━━━━━ Provided data

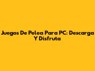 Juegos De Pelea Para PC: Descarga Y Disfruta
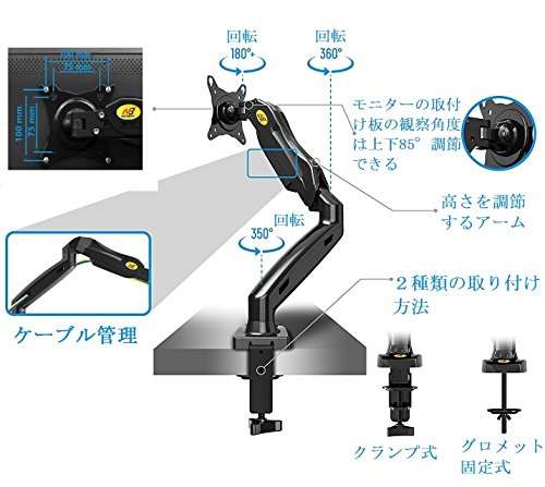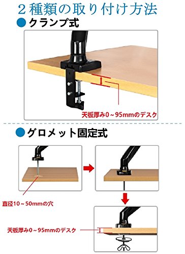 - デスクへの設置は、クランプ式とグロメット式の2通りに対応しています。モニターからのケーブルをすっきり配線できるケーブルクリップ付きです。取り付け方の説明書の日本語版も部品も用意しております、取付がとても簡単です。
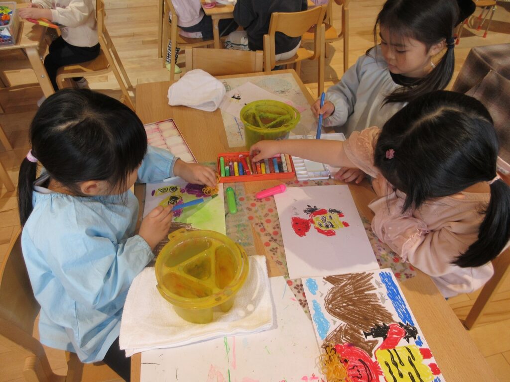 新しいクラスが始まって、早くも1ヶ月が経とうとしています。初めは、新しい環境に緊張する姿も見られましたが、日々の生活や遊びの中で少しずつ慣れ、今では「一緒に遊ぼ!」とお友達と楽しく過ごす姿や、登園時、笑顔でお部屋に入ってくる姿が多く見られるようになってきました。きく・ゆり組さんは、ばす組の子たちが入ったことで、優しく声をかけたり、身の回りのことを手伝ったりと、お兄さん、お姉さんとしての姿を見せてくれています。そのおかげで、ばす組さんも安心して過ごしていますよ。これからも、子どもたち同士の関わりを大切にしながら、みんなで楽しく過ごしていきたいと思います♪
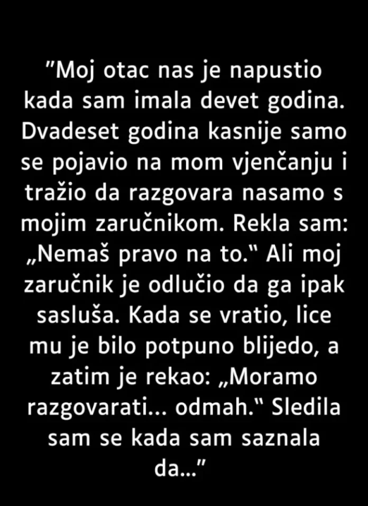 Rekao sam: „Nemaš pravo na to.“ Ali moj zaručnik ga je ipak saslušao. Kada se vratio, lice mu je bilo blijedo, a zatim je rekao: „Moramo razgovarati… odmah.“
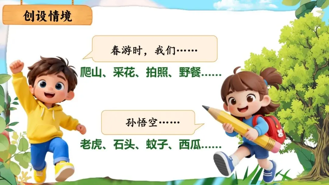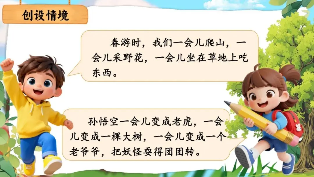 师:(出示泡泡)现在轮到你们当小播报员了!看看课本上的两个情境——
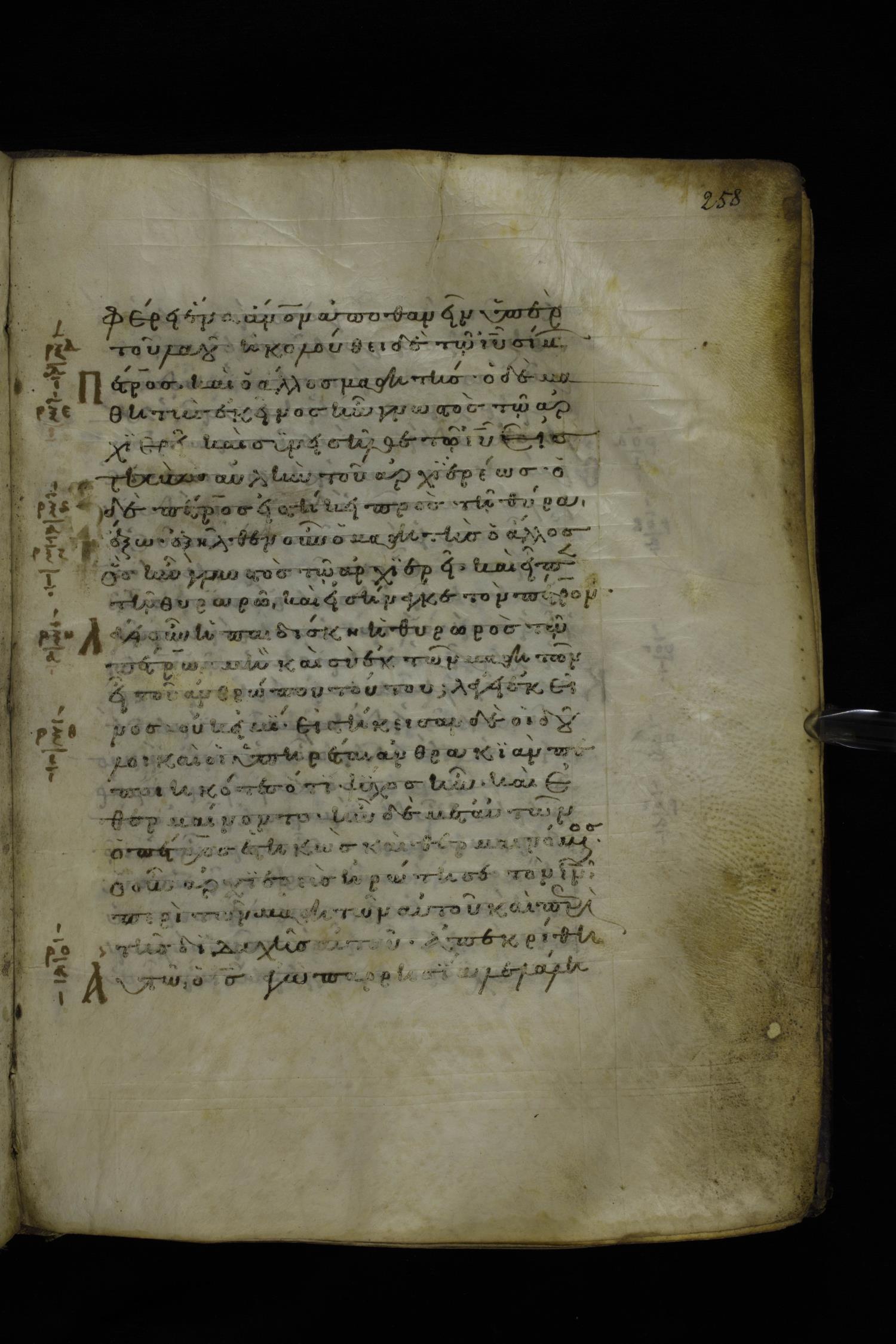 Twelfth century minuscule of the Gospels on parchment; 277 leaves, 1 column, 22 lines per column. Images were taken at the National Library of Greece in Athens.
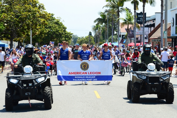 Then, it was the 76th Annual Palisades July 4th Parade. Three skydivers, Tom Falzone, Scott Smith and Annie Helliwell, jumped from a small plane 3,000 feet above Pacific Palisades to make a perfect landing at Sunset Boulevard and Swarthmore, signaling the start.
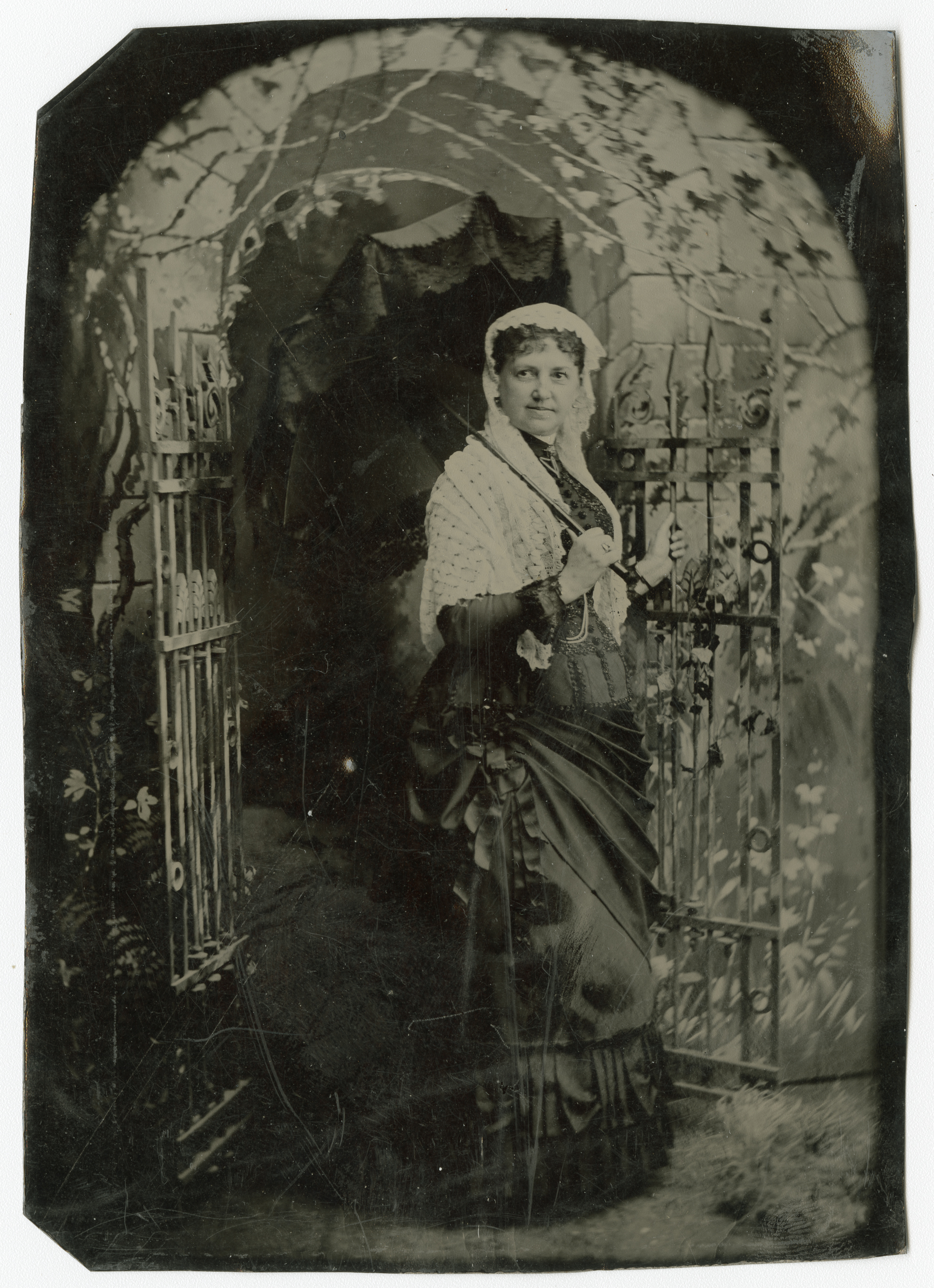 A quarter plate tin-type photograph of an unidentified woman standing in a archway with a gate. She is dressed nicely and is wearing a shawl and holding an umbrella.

━━━━━━━━━━

Your instructions:
Only the lines from the one containing "Twelfth century minuscule" through the last line of the material should be returned, exactly and without pictures.

Finished task:
 Twelfth century minuscule of the Gospels on parchment; 277 leaves, 1 column, 22 lines per column. Images were taken at the National Library of Greece in Athens.
 Then, it was the 76th Annual Palisades July 4th Parade. Three skydivers, Tom Falzone, Scott Smith and Annie Helliwell, jumped from a small plane 3,000 feet above Pacific Palisades to make a perfect landing at Sunset Boulevard and Swarthmore, signaling the start.
 A quarter plate tin-type photograph of an unidentified woman standing in a archway with a gate. She is dressed nicely and is wearing a shawl and holding an umbrella.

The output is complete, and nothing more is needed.